*The task*.
The lines to transcribe begin with the one containing "Главная отличительная черта" and end with the last line below; reproduce them exactly, without the pictures.

*Data provided*.
--*--

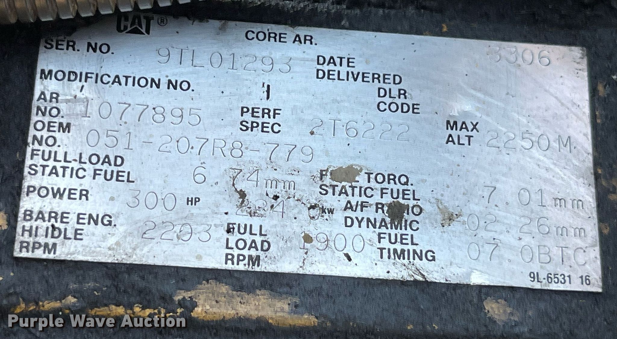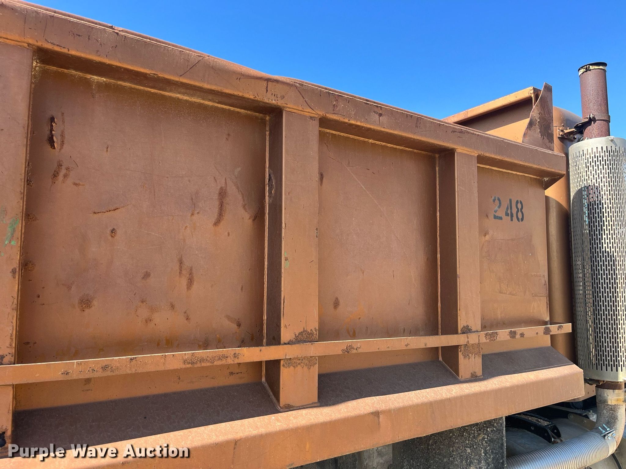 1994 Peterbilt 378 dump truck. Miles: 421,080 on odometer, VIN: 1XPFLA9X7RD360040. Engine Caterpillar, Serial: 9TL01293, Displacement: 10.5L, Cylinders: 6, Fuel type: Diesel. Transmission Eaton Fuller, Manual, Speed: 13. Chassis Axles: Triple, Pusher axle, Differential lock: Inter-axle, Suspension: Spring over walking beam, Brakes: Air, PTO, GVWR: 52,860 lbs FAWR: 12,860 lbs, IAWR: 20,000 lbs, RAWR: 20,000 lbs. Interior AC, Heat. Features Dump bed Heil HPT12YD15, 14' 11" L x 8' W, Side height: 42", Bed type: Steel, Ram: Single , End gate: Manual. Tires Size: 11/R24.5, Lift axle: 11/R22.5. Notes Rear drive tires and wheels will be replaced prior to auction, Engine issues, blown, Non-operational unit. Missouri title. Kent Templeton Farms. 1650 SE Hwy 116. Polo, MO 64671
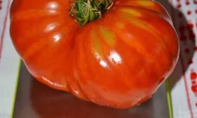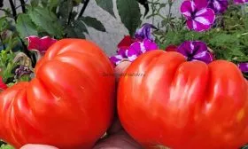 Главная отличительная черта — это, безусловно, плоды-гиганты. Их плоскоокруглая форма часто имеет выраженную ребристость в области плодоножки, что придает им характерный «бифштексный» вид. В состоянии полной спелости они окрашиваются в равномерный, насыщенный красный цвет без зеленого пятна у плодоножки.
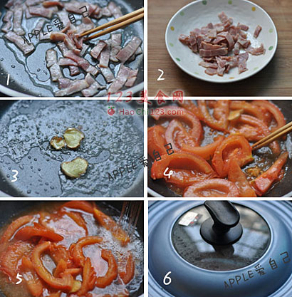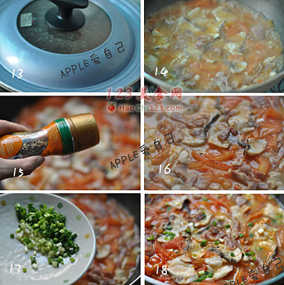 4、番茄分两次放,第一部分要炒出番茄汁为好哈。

--*--

*Answer to this problem*.
 Главная отличительная черта — это, безусловно, плоды-гиганты. Их плоскоокруглая форма часто имеет выраженную ребристость в области плодоножки, что придает им характерный «бифштексный» вид. В состоянии полной спелости они окрашиваются в равномерный, насыщенный красный цвет без зеленого пятна у плодоножки.
 4、番茄分两次放,第一部分要炒出番茄汁为好哈。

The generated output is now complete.